FREDERICK SCHAUER, a Fellow of the American Academy since 1993, is the David and Mary Harrison Distinguished Professor of Law at the University of Virginia. Previously, he was for eighteen years the Frank Stanton Professor of the First Amendment at the Harvard Kennedy School. His publications include Free Speech: A Philosopical Enquiry (1982), Playing By the Rules: A Philosophical Examination of Rule-Based Decision-Making in Law and in Life (1991), Profiles, Probabilities, and Stereotypes (2003), Thinking Like a Lawyer: A New Introduction to Legal Reasoning (2009), and The Force of Law (forthcoming 2014).

What makes a court a court? The question is important, but it lacks an obvious answer. We might distinguish courts from other decision-making institutions in terms of being staffed principally by those with legal training. And thus insofar as lawyers and judges occupy a sociologically discrete segment of professional culture,1  courts can be distinguished by virtue of their sociological differentiation. Or we might begin with the fact that courts make decisions with procedures unlike those of other decision-making environments. The modal number of parties in a court case is two; the modal outcome has a winner and loser; and decisions are typically made by judges or other arbiters with no interest in the outcome. In these and various other ways, courts’ procedures differ from those of legislatures, administrative agencies, executive officials, the military, and private corporations. Additionally, or perhaps alternatively, law schools purport to train their students in the arcane art of thinking like a lawyer,2  and so what differentiates courts may be the fact that they reach their decisions via methods of thinking and reasoning that differ from those we see in other environments.

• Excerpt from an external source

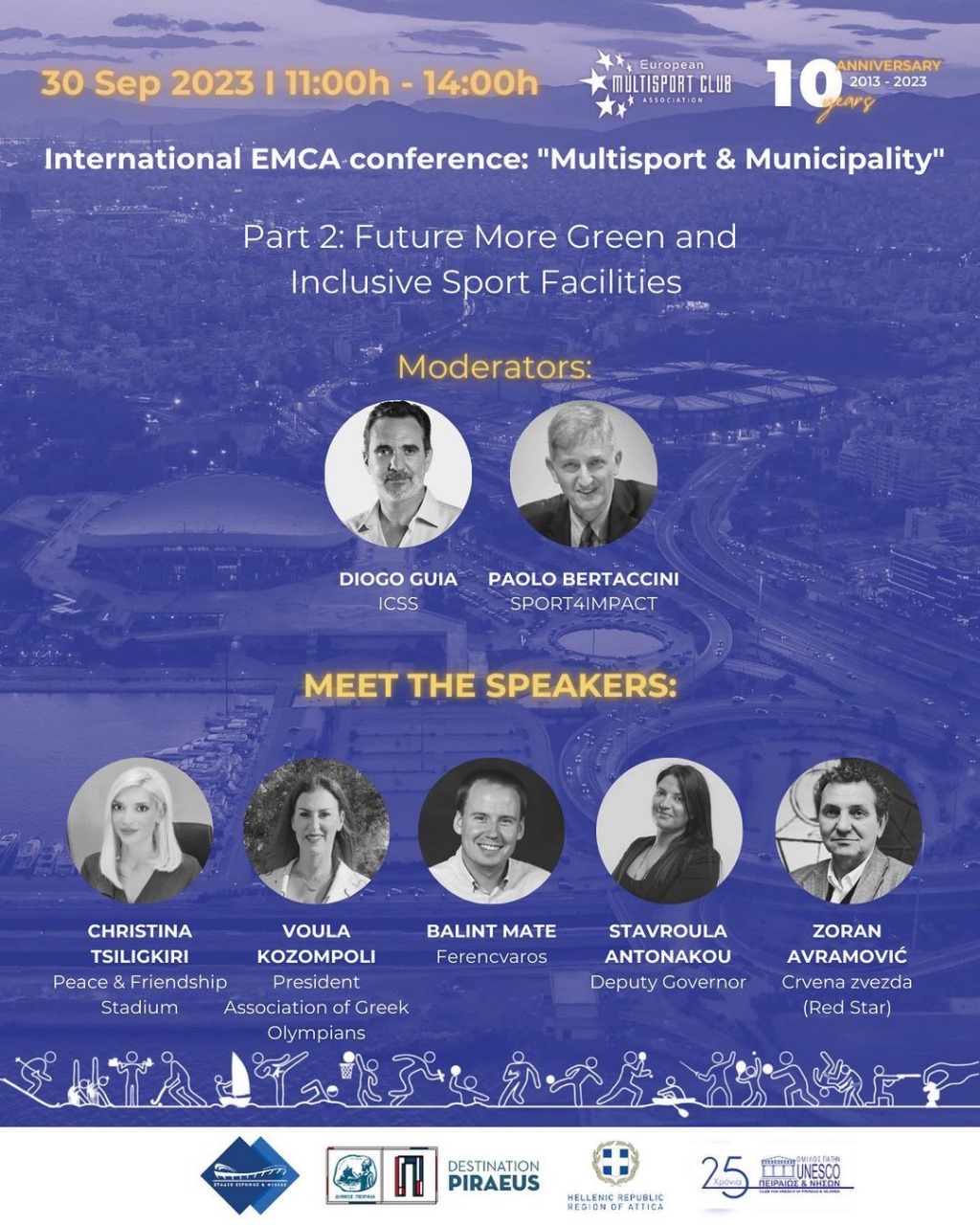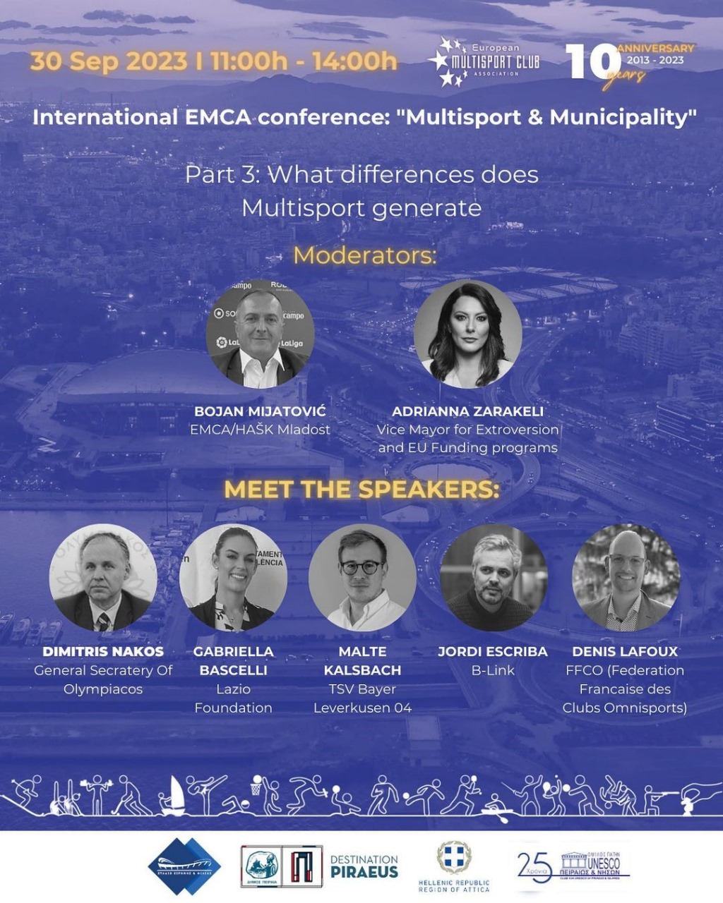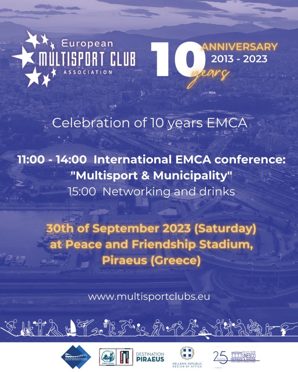 Η Ευρωπαϊκή Ένωση Πολυαθλητικών Σωματείων (EMCA) πραγματοποιεί στην αίθουσα «Μελίνα Μερκούρη» Συνέδριο με θέμα «Πολυαθλητισμός και τοπική αυτοδιοίκηση». Το Σάββατο 30 Σεπτεμβρίου, από τις 11.00 έως τις 14.00. Σε συνεργασία με τον Ολυμπιακό ΣΦΠ και το Στάδιο Ειρήνης και Φιλίας.

Each of these ways of differentiating courts–sociological, procedural, and methodological–constitutes part of a complete account of how we should characterize and understand them, but my focus here will be on still another criterion, one we can call informational differentiation: the array of information courts use in making decisions. This essay will concern a particular dimension of informational differentiation–the methods by which courts obtain factual, scientific, and technical information, and the potential flaws inherent in those methods.

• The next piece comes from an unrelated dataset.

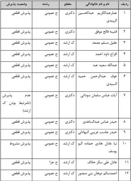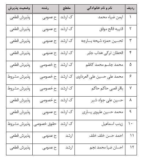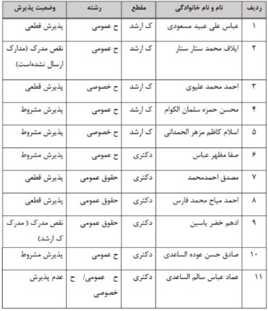 اسامی پذیرفته‌شدگان بین‌الملل، نیمسال اول 1403
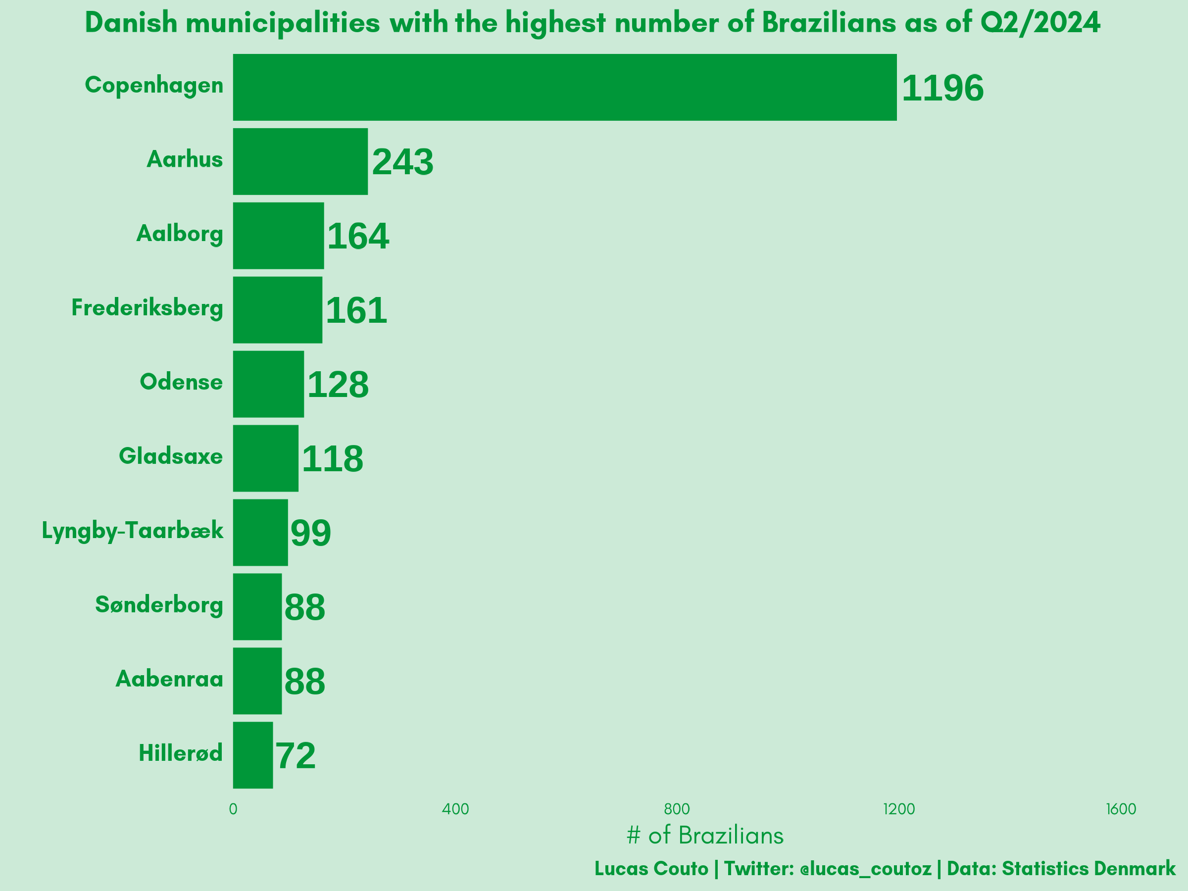 Not surprisingly, this order almost repeats when we look exclusively at the dispersion of Brazilian immigrants. The difference is that Odense falls to the 5th place, while Aalborg comes in 3rd and Frederiksberg in 4th.

It is common to think of courts in terms of their outputs: the decisions they make and the opinions they write. But these decisions are based on inputs, which fall into two broad categories. The first of these is the law. For some lawyers, judges, and scholars, the category of law is (and should be) narrow, encompassing little more than statutes, constitutional provisions, reported court cases, and the conventional methods of legal reasoning and interpretation of standard legal materials.3 Others understand the law as including not only the foregoing, but also a broad range of moral, political, and pragmatic factors.4 And although the divisions between those holding broad and narrow conceptions of law are profoundly important, this should not obscure the equal or greater importance of the other broad category of court inputs: the world of fact.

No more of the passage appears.